In the event that we have erred in our conclusions the question of the contributory negligence of the plaintiff should be disposed of. Our Order after conference clearly stated that we should determine whether the plaintiff was contributorily negligent and, if so, what percentage of the fault was his. It will be recalled that the jury which first heard the case found him guilty to the extent of twenty-five percent. Plaintiff suggests that we are not bound by that and that we should either find him not contributorily negligent or in the alternative to the extent of six and one-quarter percent. On the other hand, the original defendant argues that the special interrogatories at the original trial are binding upon the Court in this retrial and the third-party defendant makes reference only in his findings of fact by suggesting that plaintiff was contributorily negligent in the percentage of one hundred percent.
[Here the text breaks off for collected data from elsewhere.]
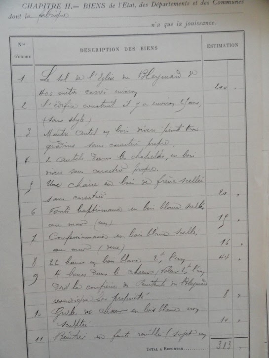 Comme en fait foi la commission que vous nous avez présentée, vous êtes donc chargé de procéder à l’inventaire des biens mobiliers et immobiliers dont la fabrique du Bleymard a la propriété ou la jouissance.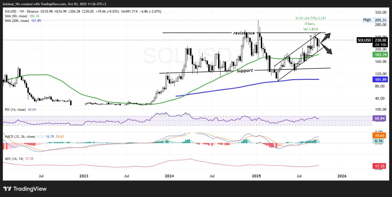 SOL is now trading well above both the 50-week and 200-week SMA ($101.89). Recent price action shows that as soon as the coin approaches the lower part of its trend channel, new buyers appear, causing the price to rebound sharply toward the $230 resistance.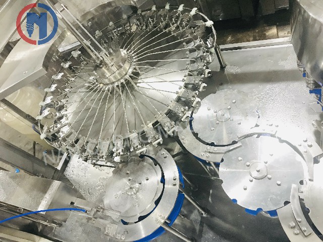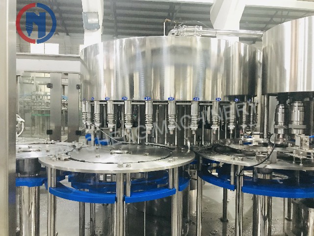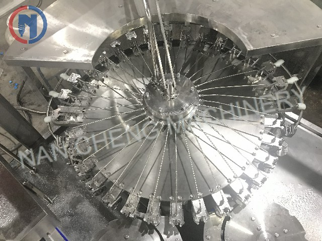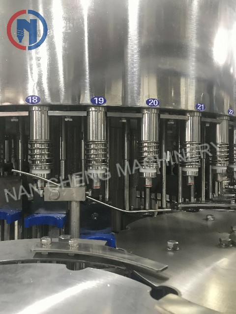 2、灌裝機(jī)采用新一代不銹鋼翻轉(zhuǎn)式瓶夾,使鉗夾與瓶口螺紋以上部分不接觸,并設(shè)有噴頭,使瓶內(nèi)壁沖洗充分、無死角。

We understood then and now, and the literal interpretation of our Order makes it clear, that we are to determine the extent of the contributory negligence, if any, based on the record and not on the finding of the original jury. In any event, our finding agrees with theirs, and if it is of importance, we conclude as a matter of law that plaintiff was guilty of contributory negligence to the extent of twenty-five percent. Our finding in that regard is based in part on the fact that the plaintiff was acting under orders of his superior and in conjunction with at least three other longshoremen at the time the accident occurred.

ORDER

And now, to wit, this 18 day of January, 1962, Judgment is entered in favor *135of the defendant United States Lines Co. on the issue of liability and Judgment is entered in favor of third-party defendant T. Hogan Corporation in the third-party action brought against it by the defendant United States Lines Co.

. In the special interrogatories the jury found that plaintiff was guilty of contributory negligence to the extent of twenty-five percent, to which reference is made infra.
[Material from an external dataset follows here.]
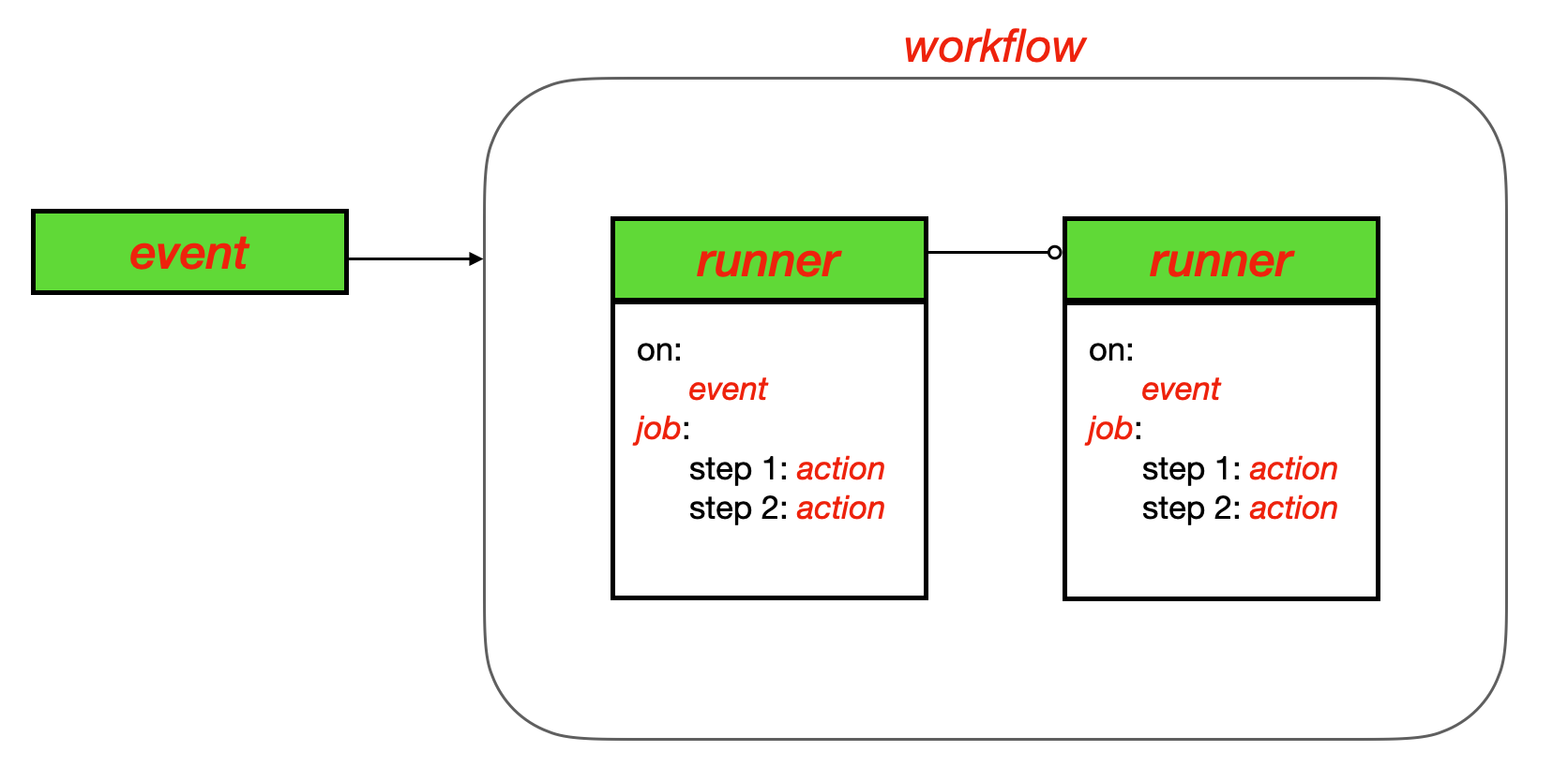 Understanding a few key concepts will help you get started with GitHub Actions, so let's begin with an overview. The diagram below shows how the different components interact, and we'll describe each one in detail.

. A per curiam opinion was filed on July 14, 1961 in this same case related to a correction of the judgment and suggested that this Court have in mind the prior opinion in disposing of the issue. Accordingly, by our Order of November 9, 1961, the judgment was corrected.

, Considerable emphasis has been placed on the height of the “V”. The opinion of the United States Court of Appeals for the Third Circuit refers to “whether the seven or eight foot “V” dug out” etc., and plaintiff in his suggested findings of fact No. 6 refers to a “depth of seven or eight feet” relying on the notes of testimony at pp. 11, 12 and 85. At p. 11 the plaintiff himself testified, “Well, the top roll was just about seven feet. He could just about reach the middle of the roll.” At p. 12, no reference is made to the depth or height and on p. 85, no reference is made to it. On the other hand, at p. 82, on cross-examination, plaintiff again stated: “Yes, sir, I would say just about six or seven feet.” And on p. 65 in response to a question directed to one Boswell, a witness for plaintiff, he stated: “Well, in my opinion, around six or seven feet.” There are occasions when counsel used such figures as eight feet in their questions, but we have been unable to determine in the testimony any proof beyond six to seven feet. Also, under suggested findings of fact No. 6, plaintiff makes reference to defendant’s answers to interrogatories, paragraph 2(a), where the following language does appear: * * * leaving a pile about eight feet high.” We have examined the record before us carefully and are unable to find from our research that these interrogatories were ever offered in evidence, assuming they would outweigh the direct proof of a height not in excess of seven feet.